We’ve all heard it: “Uy, Tumaba ka” (Hey, you got bigger), “Para kang ting-ting” (You’re like a stick!), “Maganda ka sana kaso mataba ka” (You’re pretty but you’re fat) , or “Sino magkakagusto sayo?” (Who will like you?) While these remarks might seem like harmless teasing, or kamustahan from other Filipinos, they can have a lasting impact on our self-esteem and body image. 

As a Filipina young adult struggling with body image, I have always dreaded going to family events, especially when there’s food involved. One way or another, a family member would chide my body when I was innocently eating, and that would change my mood for the rest of the day. I hated talking about my body as it has always made me feel insecure to the point that I would refuse to go out with my friends for fear of being looked at or judged. While I know that sometimes our Filipino families don’t mean it in a condescending way when they comment on our body as they “only want what’s good for us”, it’s still unsolicited because hearing those words throughout my life can be tiring. And believe me, it’s not like I haven’t tried changing my body. But due to circumstances like disordered eating, depression and other illnesses, it is hard to change that. 

My “Unsolicited” Advice to Body-Shaming Family Members

I’d like to think that we can rewrite this narrative and create a more body-positive environment in our Filipino households. It may not be easy, but it is a process. It is important to exercise open and healthy communication with our family members. Have a conversation with them about how we feel about their comments. Gently explain the impact it has on our self-esteem and how we struggle with it. However, if they aren’t ready for that conversation, it is important to set boundaries. It is also alright if we aren’t ready to talk about it, as it is our body. Politely but firmly express that we won’t tolerate any harmful comments about our bodies. 

As a community, it is also important to always be careful about what we say about a person, especially when it’s about their bodies.

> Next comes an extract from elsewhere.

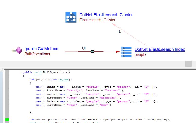 | useLink | Between the caller .NET Class / Method objects and DotNet Elasticsearch Index objects | Bulk BulkAsync DefaultIndex |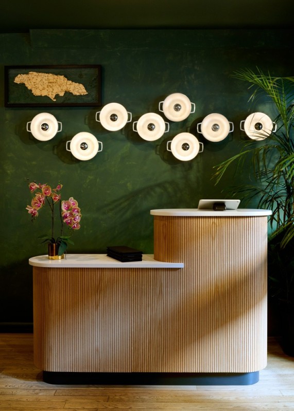 Lawrence tapped Studio For to design his two-story restaurant in Midtown Manhattan. The chef wanted to create a space that evoked the feeling of "home" for Jamaican immigrants residing in New York and the United States.

We don’t know what they might be going through physically or mentally; a comment might remind them of an illness or issue they are struggling with. 

Instead of commenting about our bodies, compliment us about our interests, values, or hobbies. Let us push ourselves to unpack what we admire about each other. Let us know that you see our beauty beyond our physical appearance. Especially where in Filipino society, the beauty standards are largely influenced by Western media that isn’t reflective of what Filipinos naturally look like. We are constantly bombarded with advertisements and media about whitening our beautiful tan skin and pursuing “ideal” body types. It's deeply embedded in our culture that having Filipino features isn’t considered attractive. But the truth is, we have our unique ways that make us beautiful beyond colonial expectations and it should never be restricted to our physical appearance. 

Our self-worth is not defined by how our bodies look. Our bodies are incredible, and it allows us to move, experience the world, and connect with others. But they are just one aspect of what we are. It doesn’t define our value as human beings. When someone criticizes our appearance and body shames us, they’re attacking an aspect of ourselves that has little bearing on our true value. It’s like judging a book by its cover – shallow. Embracing the idea that our worth goes beyond appearance empowers us to reject such comparisons and comments, encouraging us to have a positive self-image and helping us love ourselves toward healing. I can only wish that we embrace the beauty of being our true Pinay selves and create a more positive and empowering environment for ourselves and future generations.